> **TASK DETAILS**
Look through the listing below for the line containing "L'atelier massage et". Copy it and each line after it up to and including the line containing "The 400-ft Steven", exactly, leaving out pictures.

> **DATA SUPPLIED**
[Start of Attachment]
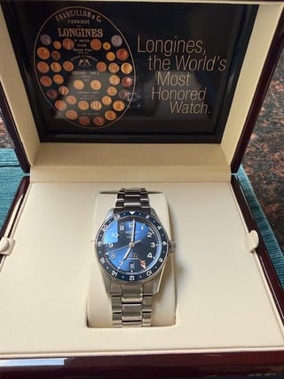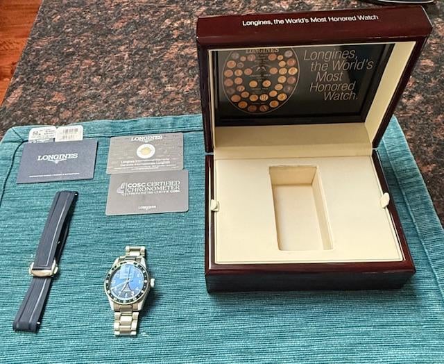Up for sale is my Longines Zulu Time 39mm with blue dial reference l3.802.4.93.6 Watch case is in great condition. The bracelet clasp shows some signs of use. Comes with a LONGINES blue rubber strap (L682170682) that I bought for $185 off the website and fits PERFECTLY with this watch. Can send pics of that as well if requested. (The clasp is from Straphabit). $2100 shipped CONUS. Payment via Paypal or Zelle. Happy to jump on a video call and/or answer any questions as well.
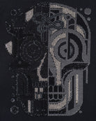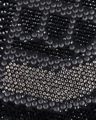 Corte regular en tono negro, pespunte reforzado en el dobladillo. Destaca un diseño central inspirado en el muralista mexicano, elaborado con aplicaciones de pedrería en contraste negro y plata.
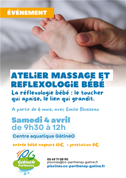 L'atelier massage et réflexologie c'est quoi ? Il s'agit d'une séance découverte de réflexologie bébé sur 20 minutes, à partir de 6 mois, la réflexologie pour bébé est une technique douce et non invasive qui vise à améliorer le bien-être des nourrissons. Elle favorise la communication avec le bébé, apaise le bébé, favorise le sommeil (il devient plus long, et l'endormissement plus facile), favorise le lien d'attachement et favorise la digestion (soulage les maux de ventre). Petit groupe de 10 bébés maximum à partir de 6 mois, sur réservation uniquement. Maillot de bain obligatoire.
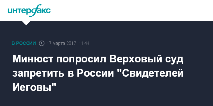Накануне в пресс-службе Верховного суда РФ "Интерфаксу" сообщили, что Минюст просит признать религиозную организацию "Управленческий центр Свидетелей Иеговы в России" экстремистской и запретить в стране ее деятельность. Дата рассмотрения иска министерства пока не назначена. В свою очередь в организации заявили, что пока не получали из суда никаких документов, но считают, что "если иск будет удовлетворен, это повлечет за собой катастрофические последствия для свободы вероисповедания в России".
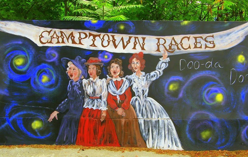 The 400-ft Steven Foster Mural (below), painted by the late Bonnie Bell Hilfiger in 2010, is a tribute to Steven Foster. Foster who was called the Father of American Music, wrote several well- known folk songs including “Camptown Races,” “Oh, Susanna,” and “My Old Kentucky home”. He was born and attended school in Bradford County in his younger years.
[End of Attachment]
[Start of Attachment]
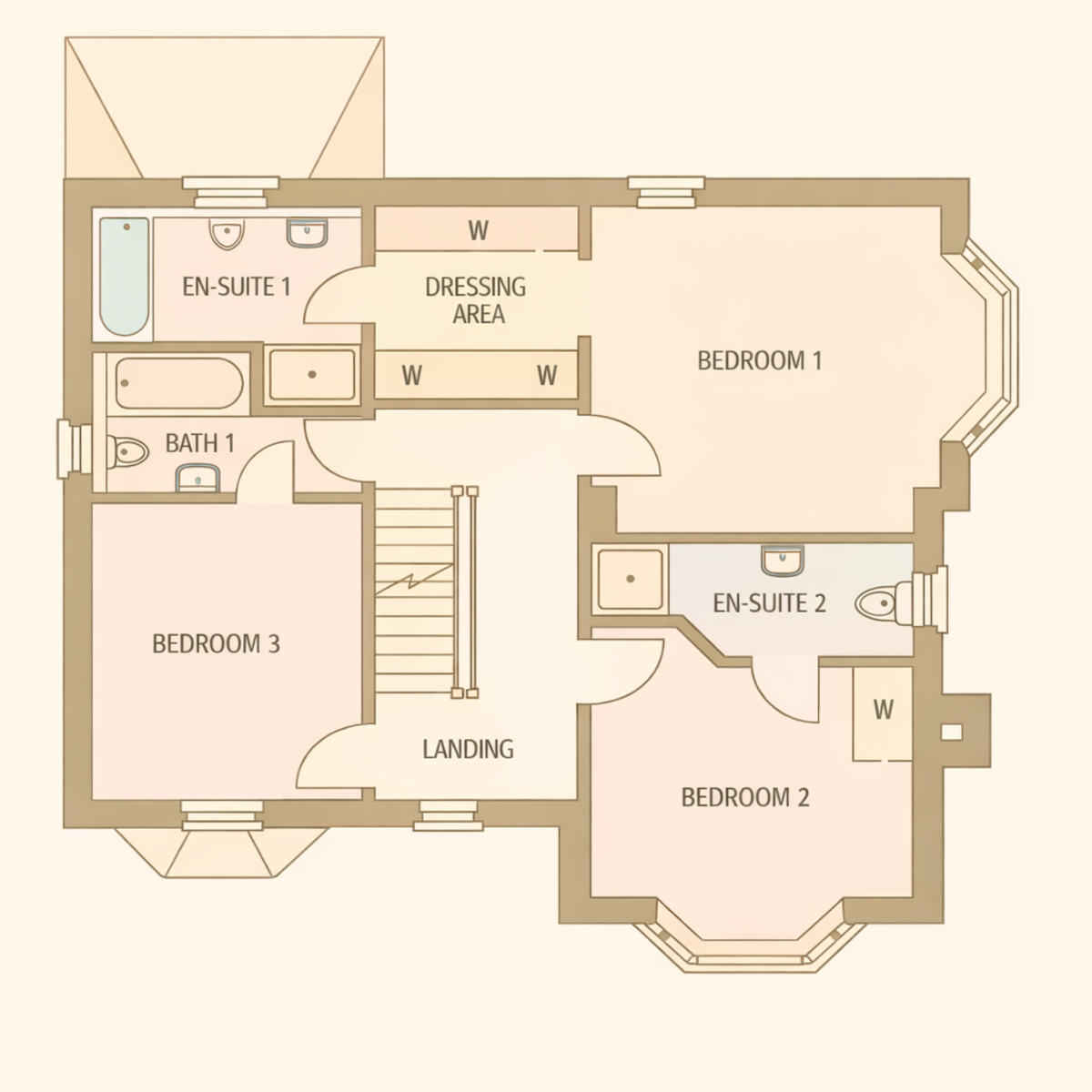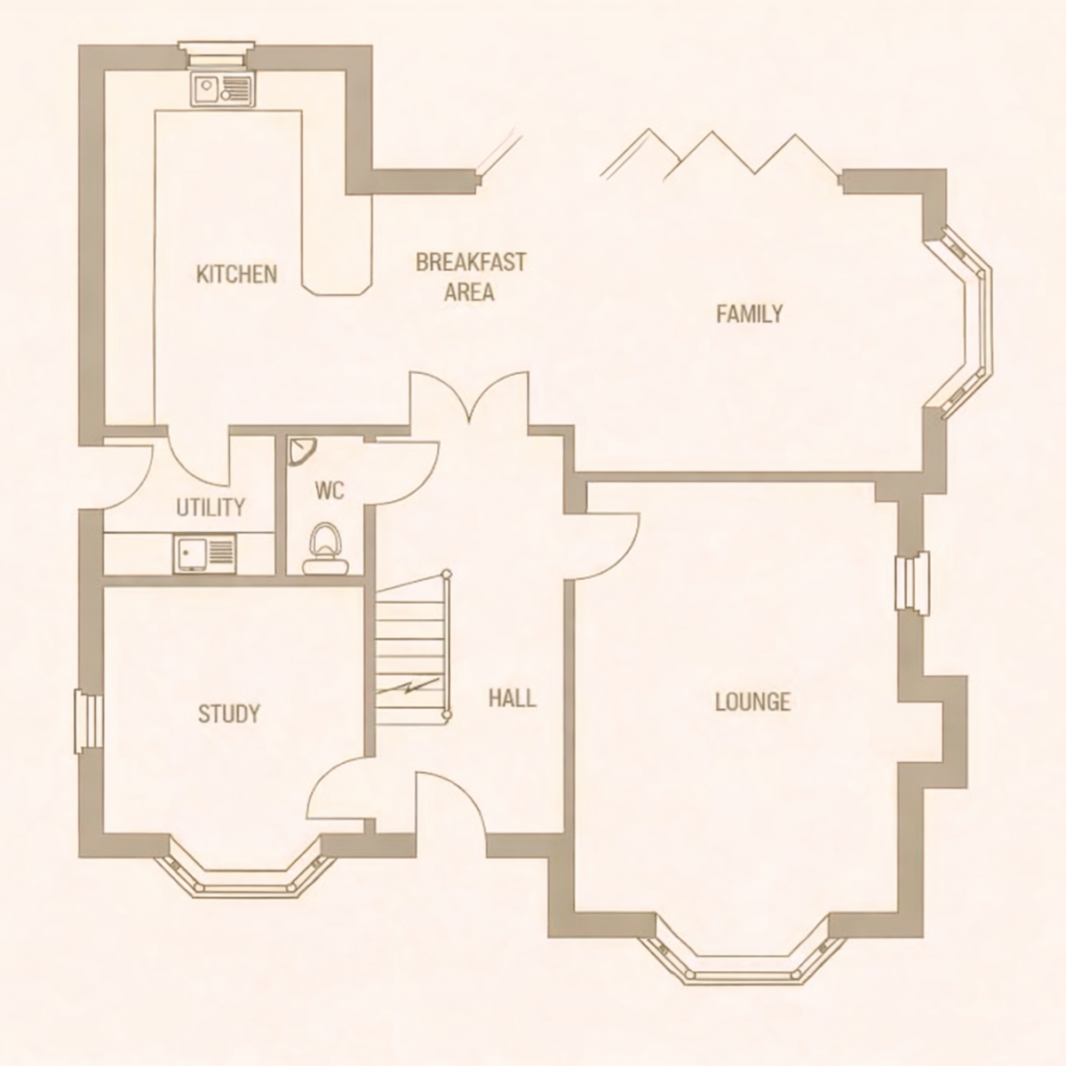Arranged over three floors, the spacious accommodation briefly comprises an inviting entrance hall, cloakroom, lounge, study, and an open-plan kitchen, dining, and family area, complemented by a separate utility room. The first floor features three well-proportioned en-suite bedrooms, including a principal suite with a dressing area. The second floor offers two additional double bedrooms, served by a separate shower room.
[End of Attachment]
> **OUTPUT OF THE EXERCISE**
 L'atelier massage et réflexologie c'est quoi ? Il s'agit d'une séance découverte de réflexologie bébé sur 20 minutes, à partir de 6 mois, la réflexologie pour bébé est une technique douce et non invasive qui vise à améliorer le bien-être des nourrissons. Elle favorise la communication avec le bébé, apaise le bébé, favorise le sommeil (il devient plus long, et l'endormissement plus facile), favorise le lien d'attachement et favorise la digestion (soulage les maux de ventre). Petit groupe de 10 bébés maximum à partir de 6 mois, sur réservation uniquement. Maillot de bain obligatoire.
Накануне в пресс-службе Верховного суда РФ "Интерфаксу" сообщили, что Минюст просит признать религиозную организацию "Управленческий центр Свидетелей Иеговы в России" экстремистской и запретить в стране ее деятельность. Дата рассмотрения иска министерства пока не назначена. В свою очередь в организации заявили, что пока не получали из суда никаких документов, но считают, что "если иск будет удовлетворен, это повлечет за собой катастрофические последствия для свободы вероисповедания в России".
 The 400-ft Steven Foster Mural (below), painted by the late Bonnie Bell Hilfiger in 2010, is a tribute to Steven Foster. Foster who was called the Father of American Music, wrote several well- known folk songs including “Camptown Races,” “Oh, Susanna,” and “My Old Kentucky home”. He was born and attended school in Bradford County in his younger years.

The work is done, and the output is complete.